From: | bricklen <bricklen(at)gmail(dot)com> |
---|---|
To: | Tom Lane <tgl(at)sss(dot)pgh(dot)pa(dot)us> |
Cc: | pgsql-general(at)postgresql(dot)org |
Subject: | Re: ERROR: could not open relation base/2757655/6930168: No such file or directory -- during warm standby setup |
Date: | 2010-12-29 21:53:20 |
Message-ID: | AANLkTinLZ=9J4TV+gRo=vgnKVAsQ6gG5CpGqeVtJOa47@mail.gmail.com |
Views: | Raw Message | Whole Thread | Download mbox | Resend email |
Thread: | |
Lists: | pgsql-general |
On Wed, Dec 29, 2010 at 12:11 PM, Tom Lane <tgl(at)sss(dot)pgh(dot)pa(dot)us> wrote:
> bricklen <bricklen(at)gmail(dot)com> writes:
>> On Wed, Dec 29, 2010 at 11:35 AM, Tom Lane <tgl(at)sss(dot)pgh(dot)pa(dot)us> wrote:
>>> What can you tell us about what was happening on the source DB while
>>> the backup was being taken?
>
>> The source db has between 1000 and 3000 transactions/s, so is
>> reasonably volatile. The two tables in question are not accessed very
>> heavily though.
>
>> Looking at the ctid and xmin between both databases, no, they don't
>> seem to match exactly. Pardon my ignorance, but would those have
>> changed due to vacuums, analyze, or any other forms of access?
>
> The difference in ctid, and the values of xmin and relfrozenxid,
> seems to confirm my suspicion that this wasn't just random cosmic rays.

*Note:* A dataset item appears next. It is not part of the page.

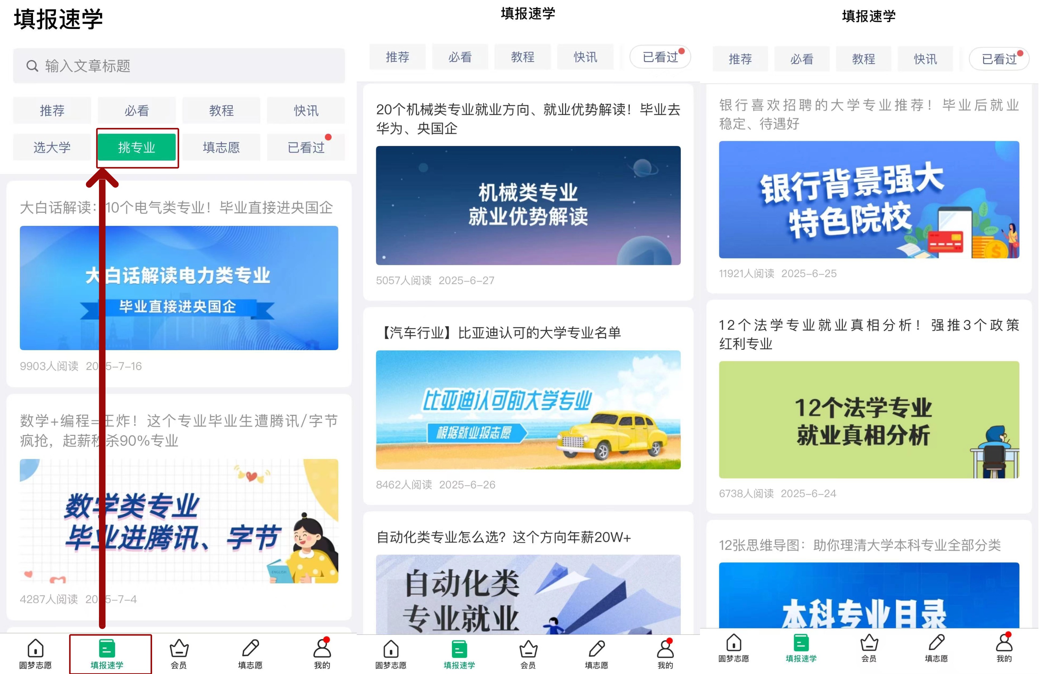 圆梦志愿app的【推文—挑专业】功能可提供专业选择指导。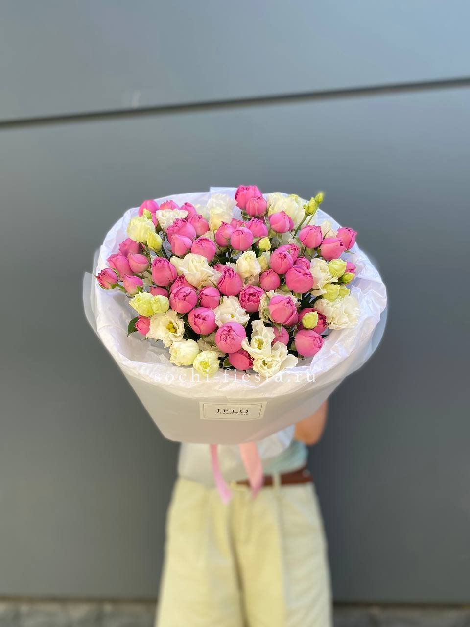 Авторский букет в составе которого кустовые розы, эустомы, лента и дизайнерская пленка.

> You did something on the source DB that rewrote the table with a new
> relfilenode (possibly CLUSTER or some form of ALTER TABLE; plain VACUUM
> or ANALYZE wouldn't do it). And for some reason the standby hasn't
> picked up that change in the pg_class row. I suspect the explanation
> is that your technique for setting up the standby is flawed. You can't
> just rsync and have a valid snapshot of the DB --- you need to be sure
> that enough WAL gets replayed to fix any inconsistencies arising from
> the time-extended nature of the rsync operation. But you didn't say
> exactly how you did that.
>
Definitely no CLUSTER commands were issued, and there should have been
no ALTER commands issued (yesterday was a holiday, no one was here).
Would a TRUNCATE have the same effect though? I grep'd through our
application, and it appears that at least 3 tables get truncated, one
of them several times per hour. The often-truncated table wasn't one
of the bad ones, but the others are the ones I've already identified
as non-existent.
The standby setup process was
On source server:
- start shipping WAL files to standby @ /var/lib/pgsql/WAL_Archive dir
- "select pg_start_backup('standby')"
- rsync -av -e "ssh -p 9001" --progress --partial -z
/var/lib/pgsql/data postgres(at)standby-tunnel:/var/lib/pgsql/
- "select pg_stop_backup()"
On standby
- recovery.conf file:
restore_command = 'pg_standby -d -s 2 -t /WAL_Archive/go_live
/WAL_Archive %f %p %r 2>>/var/lib/pgsql/data/pg_log/standby.log'
Note: /WAL_Archive is a symlink to /var/lib/pgsql/WAL_Archive, that
didn't get touched though, as it is on the same directory level as the
data dir.
pg_ctl -D /var/lib/pgsql/data start
touch /var/lib/pgsql/WAL_Archive/go_live
Looking over the log of the restore process, there are a couple
messages that might be helpful in pinpointing the problem area.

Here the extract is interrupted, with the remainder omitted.